TASK GOAL
With every picture left out, give the data below back exactly.

GIVEN DATA

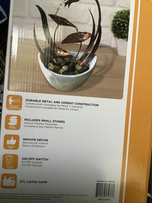 [This review was collected as part of a promotion.] This is a very nice fountain. It will made a great addition to any home and will go with any decor. It’s soothing to watch and listen to the fountain run. I love to watch it run and you can hear the water running and dripping. The top portion with the leaves and flower is made with copper metal and the bowl is cement. It’s all very rugged and rustic looking but yet beautiful. I personal would have liked it cleanly made. It also has stones of all colors and shapes. It was easy to assemble, it comes with instructions. All I needed to do was had distilled water to avoid it getting corroded. It has a convenient on/off switch. Overall a very nice fountain that I think could have been made a little cleaner and stronger. One of the long leaves on made seems like it may break off at anytime, they are made to bend and move.
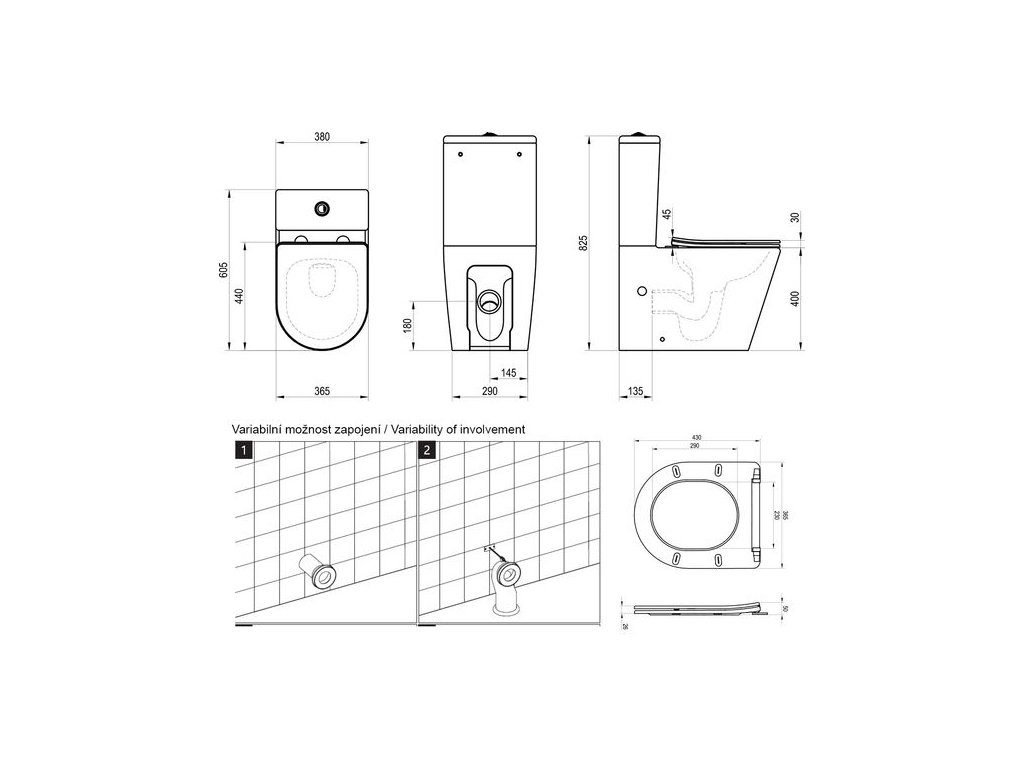 - připojení na odpad - vario: zadní/spodní zapojení
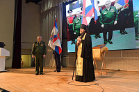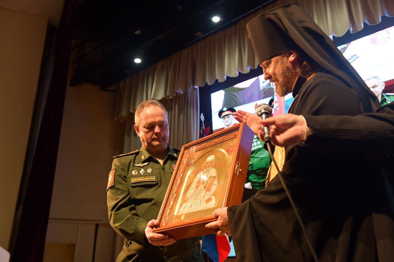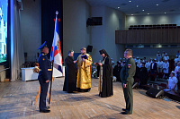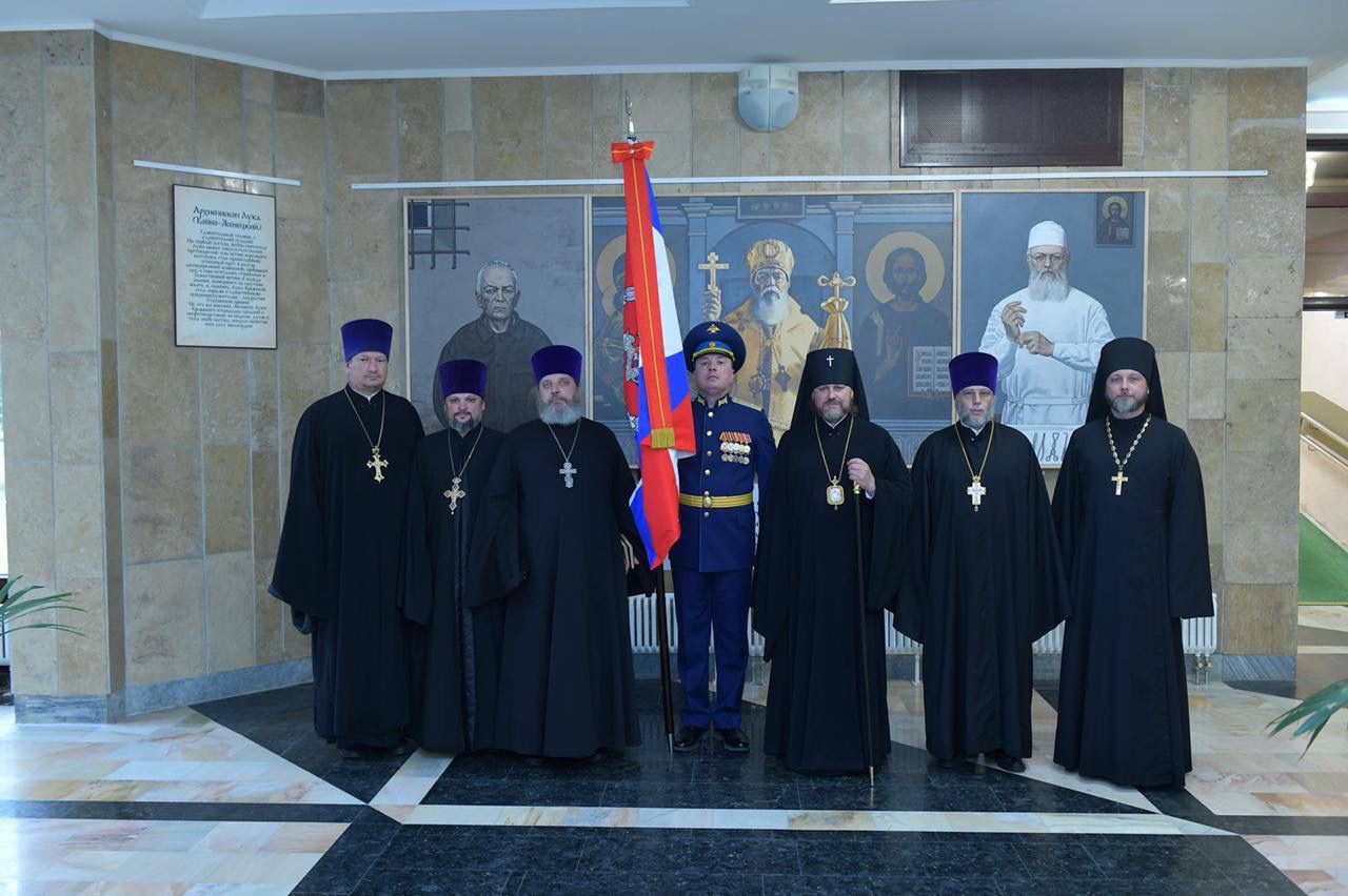 По окончании литургии в конференц-зале госпиталя состоялось торжественное освящение Почетного Знамени к ордену Александра Невского, которым Центральный военный клинический госпиталь имени А.А. Вишневского был награжден Указом президента России за большой вклад в развитие отечественной медицины и за высокие достижения по охране здоровья личного состава Вооруженных сил.

OUTPUT OF THE EXERCISE
 [This review was collected as part of a promotion.] This is a very nice fountain. It will made a great addition to any home and will go with any decor. It’s soothing to watch and listen to the fountain run. I love to watch it run and you can hear the water running and dripping. The top portion with the leaves and flower is made with copper metal and the bowl is cement. It’s all very rugged and rustic looking but yet beautiful. I personal would have liked it cleanly made. It also has stones of all colors and shapes. It was easy to assemble, it comes with instructions. All I needed to do was had distilled water to avoid it getting corroded. It has a convenient on/off switch. Overall a very nice fountain that I think could have been made a little cleaner and stronger. One of the long leaves on made seems like it may break off at anytime, they are made to bend and move.
 - připojení na odpad - vario: zadní/spodní zapojení
 По окончании литургии в конференц-зале госпиталя состоялось торжественное освящение Почетного Знамени к ордену Александра Невского, которым Центральный военный клинический госпиталь имени А.А. Вишневского был награжден Указом президента России за большой вклад в развитие отечественной медицины и за высокие достижения по охране здоровья личного состава Вооруженных сил.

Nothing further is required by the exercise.